Background information
- Born: March 1, 1973 (age 53)
- Origin: Cincinnati, Ohio, U.S.
- Genres: Pop, R&B, Country
- Occupations: Songwriter, producer, musician, artist
- Instruments: Vocals, piano, keyboards
- Years active: 2002-present
- Website: bryantodd.com

= Bryan Todd (music producer) =

Bryan Todd (born March 1, 1973) is an American multi-platinum record producer and songwriter. Early in his career, Todd was a solo artist and had a single in the top 20. He has since focused on writing and producing for other artists such as Miley Cyrus, Big Time Rush, Jordin Sparks, Danny Gokey, Michael W. Smith, Rascal Flatts, Kelly Clarkson, Ashley Tisdale and notably the song "Breakthrough" for the Disney film, Lemonade Mouth, a soundtrack that reached No. 1 on Billboard.
His newest producer project is gaining fast notoriety. The first single “Real” features American songstress Jaden Michaels, who is the sister of Pop singer songwriter Julia Michaels.

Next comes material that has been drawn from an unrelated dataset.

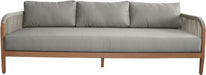 Make your outdoor oasis even more inviting with this Maui Water Resistant Fabric Outdoor Patio Sofa. Crafted with an aluminum frame to look like teak without the maintenance requirements, this sofa offers both style and convenience. Resilient fabric cushions, water-resistant and plump, have quick-dry foam inserts so you enjoy leisure time without worry. With its contemporary resort look, this sofa adds sophistication to any patio, porch, or deck setting. Embrace the essence of outdoor comfort and style with this elegant addition - your perfect companion for leisurely moments outdoors.

== Early life and education ==
Todd is the son of a minister and was born in Cincinnati, Ohio. After high school he joined the Navy ROTC through Temple University in Philadelphia, Pennsylvania.

== Career ==
Todd began his career as a recording artist in Los Angeles. He traveled to Sweden at the suggestion of colleagues and signed with Warner/Chappell Music. He released a single It's The Way which peaked at #19 on the Dance/Mix Show Airplay chart in October 2004. Todd also began penning tracks for other artists.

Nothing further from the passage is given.